» **What to work on**: Restate the data below word for word. Leave the images out.

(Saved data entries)
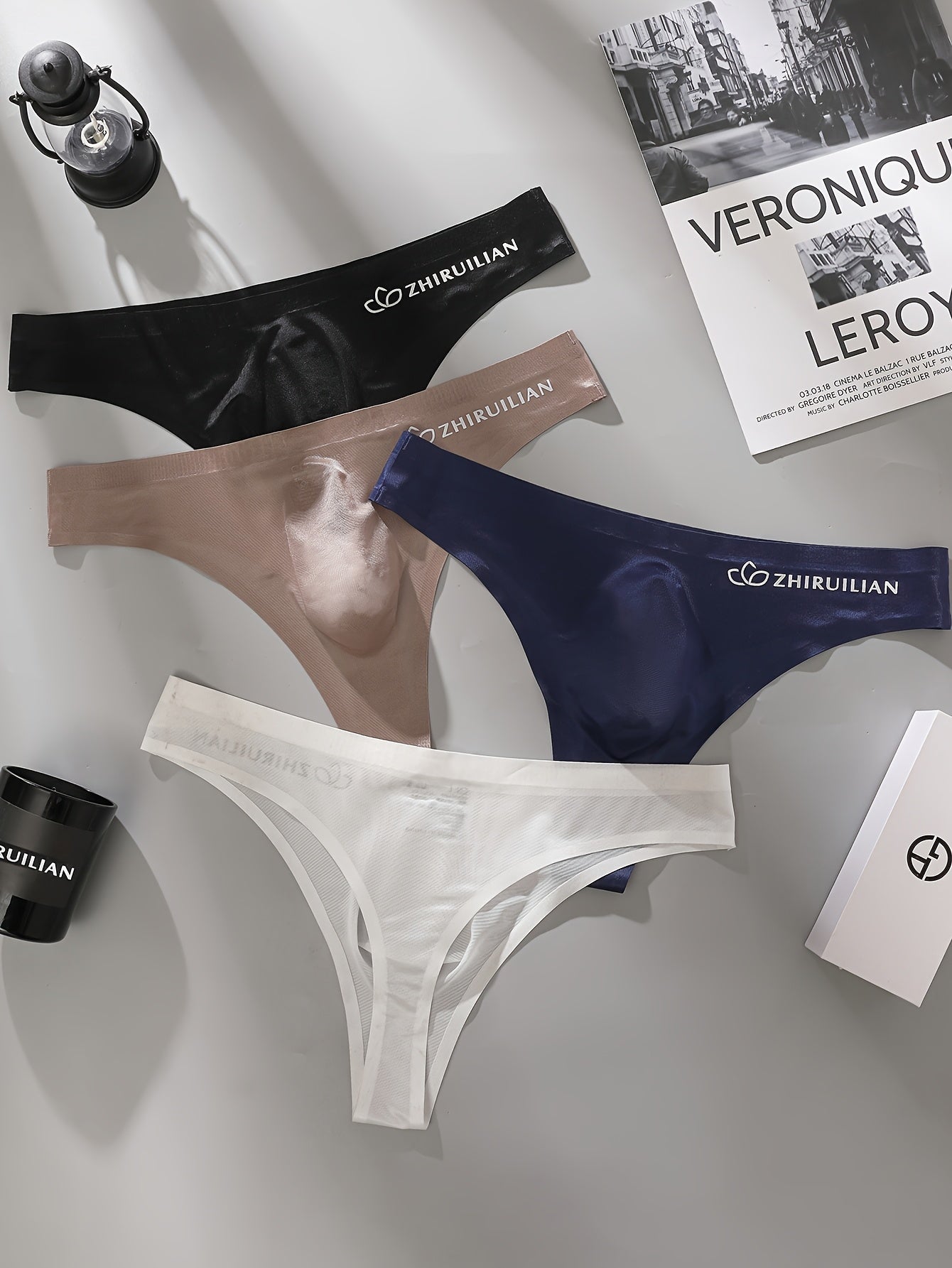 Men's 5-Pack Breathable Nylon Spandex Thong Underwear Medium Stretch Alphabet Pattern
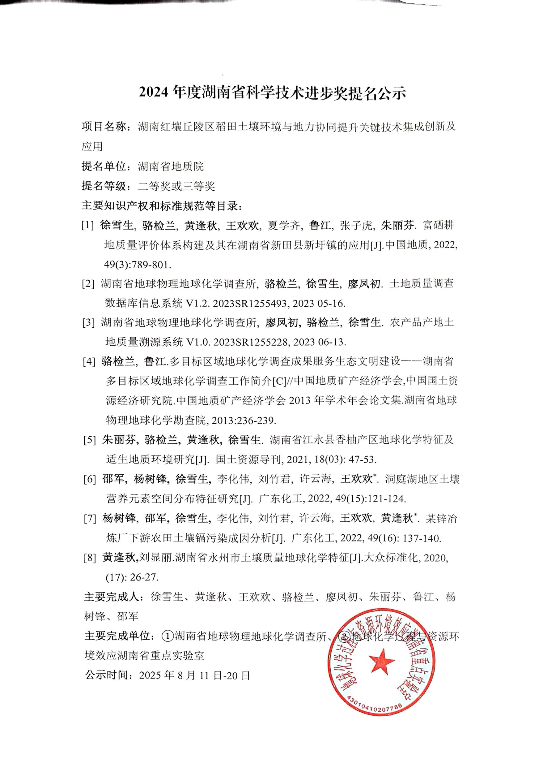 2024年度湖南省科学技术奖申报项目公示
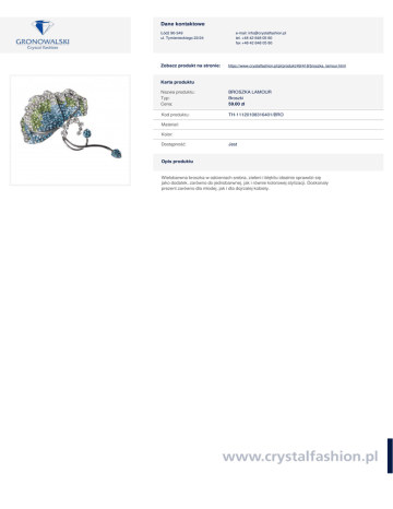 Powered by TCPDF (www.tcpdf.org) Dane kontaktowe Łódź 90-349 ul. Tymienieckiego 22/24 Zobacz produkt na stronie: e-mail: [email protected] tel. +48 42 648 05 60 fax +48 42 648 05 80 https://www.crystalfashion.pl/pl/produkt/49/418/broszka_lamour.html Karta produktu Nazwa produktu: Typ: Cena: BROSZKA LAMOUR Broszki 59.00 zł Kod produktu: TH-11120108316401/BRO Materiał: Kolor: Dostępność: Jest Opis produktu Wielobarwna broszka w odcieniach srebra, zieleni i błękitu idealnie sprawdzi się jako dodatek, zarówno do jednobarwnej, jak i równie kolorowej stylizacji. Doskonały prezent zarówno dla młodej, jak i dla dojrzałej kobiety.
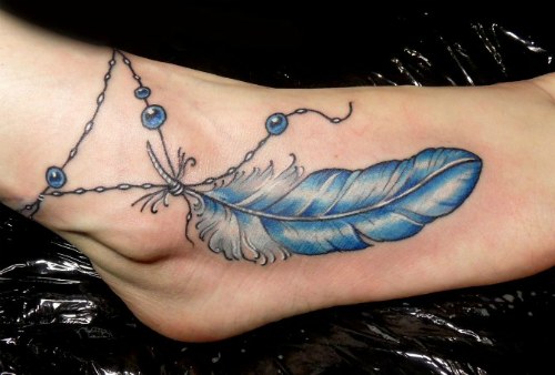 Вы быстро заметите, что ножные браслеты с перьями часто встречаются в этом списке. По какой-то причине они являются самым популярным типом татуировки на щиколотке. Если вы ищете что-то яркое и богатое деталями, этот блестящий ножной браслет из перьев из бисера, несомненно, вдохновит вас на следующий дизайн. (Фото: Татуист Ривер)
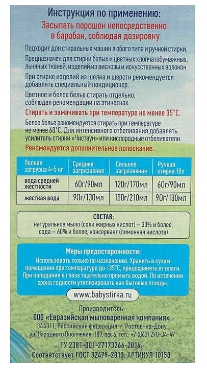 | Минусы: | 1,5кг хватает на месяц (2 взрослых и 5месячный ребенок)- быстрее заканчивается чем если гелем стирать(( |
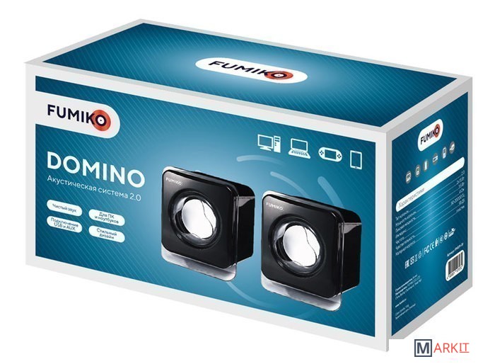 Колонки 2.0 - отличное решение для каждого, кому важен качественный и чистый звук. Модель FUMIKO DOMINO отлично подходит как для прослушивания музыки, так и для просмотра фильмов. Компактное устройство особенно пригодится владельцам ноутбуков, встроенные динамики которых не способны выдать достаточную мощность и громкость. Новейшие технологии в производстве комплектующих позволили достичь хорошего уровня громкости и чистоты звучания. С источником звука они соединяются с помощью кабеля с разъемом 3.5 мм Jack. Питание происходит от USB - больше никаких лишних проводов. Любимая музыка в громком звучании теперь всегда будет с вами. Длина кабеля позволяет подключить колонки к разъемам на задней панели персонального компьютера.Длина кабеля с разъемом 3.5 мм Jack - 60 смДлина кабеля с разъемом USB - 60 смДлина провода между колонками 50 см

» **Your response**:
 Men's 5-Pack Breathable Nylon Spandex Thong Underwear Medium Stretch Alphabet Pattern
 2024年度湖南省科学技术奖申报项目公示
 Powered by TCPDF (www.tcpdf.org) Dane kontaktowe Łódź 90-349 ul. Tymienieckiego 22/24 Zobacz produkt na stronie: e-mail: [email protected] tel. +48 42 648 05 60 fax +48 42 648 05 80 https://www.crystalfashion.pl/pl/produkt/49/418/broszka_lamour.html Karta produktu Nazwa produktu: Typ: Cena: BROSZKA LAMOUR Broszki 59.00 zł Kod produktu: TH-11120108316401/BRO Materiał: Kolor: Dostępność: Jest Opis produktu Wielobarwna broszka w odcieniach srebra, zieleni i błękitu idealnie sprawdzi się jako dodatek, zarówno do jednobarwnej, jak i równie kolorowej stylizacji. Doskonały prezent zarówno dla młodej, jak i dla dojrzałej kobiety.
 Вы быстро заметите, что ножные браслеты с перьями часто встречаются в этом списке. По какой-то причине они являются самым популярным типом татуировки на щиколотке. Если вы ищете что-то яркое и богатое деталями, этот блестящий ножной браслет из перьев из бисера, несомненно, вдохновит вас на следующий дизайн. (Фото: Татуист Ривер)
 | Минусы: | 1,5кг хватает на месяц (2 взрослых и 5месячный ребенок)- быстрее заканчивается чем если гелем стирать(( |
 Колонки 2.0 - отличное решение для каждого, кому важен качественный и чистый звук. Модель FUMIKO DOMINO отлично подходит как для прослушивания музыки, так и для просмотра фильмов. Компактное устройство особенно пригодится владельцам ноутбуков, встроенные динамики которых не способны выдать достаточную мощность и громкость. Новейшие технологии в производстве комплектующих позволили достичь хорошего уровня громкости и чистоты звучания. С источником звука они соединяются с помощью кабеля с разъемом 3.5 мм Jack. Питание происходит от USB - больше никаких лишних проводов. Любимая музыка в громком звучании теперь всегда будет с вами. Длина кабеля позволяет подключить колонки к разъемам на задней панели персонального компьютера.Длина кабеля с разъемом 3.5 мм Jack - 60 смДлина кабеля с разъемом USB - 60 смДлина провода между колонками 50 см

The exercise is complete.